In case of failure to obtain >80% paresthesia coverage of the painful area, or if painful sensations are generated when the temporary stimulator is switched on, the procedure will be aborted, the leads removed and no pulse generator implanted (‘failed trial’). Patients who have a failed trial of SCS will continue to receive treatment and follow-up as per the study protocol.

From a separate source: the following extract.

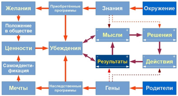 5. Результаты не появляются сами по себе, просто потому что вы действуете. Действовать можно по-разному и получать разные результаты. Ваши действия зависят от ваших решений, а решения – от ваших мыслей. Но мысли в вашей голове тоже не рождаются сами по себе. Они зависят от ваших убеждений, которые, в свою очередь, строятся на основе ваших ценностей, влияния наследственных программ и окружения.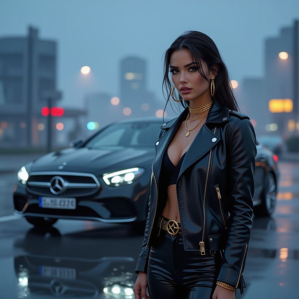 A striking picture of a woman in a black leather jacket standing beside a 2025 Mercedes-Benz E-Class. The image features atmospheric lighting and a vibrant color palette, in a futuristic style.

Patients implanted with an SCS will be instructed how to adjust their device to generate comfort level paresthesias. They will be instructed to do this regularly for two hours three times daily, to terminate any angina attack for as long as is necessary, and before any exertion known or anticipated to generate angina pain. We will document usage of the SCS device through telemetry interrogation at the three- and six-month visits. The SCS devices to be used within this study are CE (Conformité Européene) marked and used within their intended license.

Usual care

Both groups of patients will receive the following combination of therapies started, if possible, on the day of randomization:

  • education session with a pain consultant

  • trial of a transcutaneous electrical nerve stimulation (TENS)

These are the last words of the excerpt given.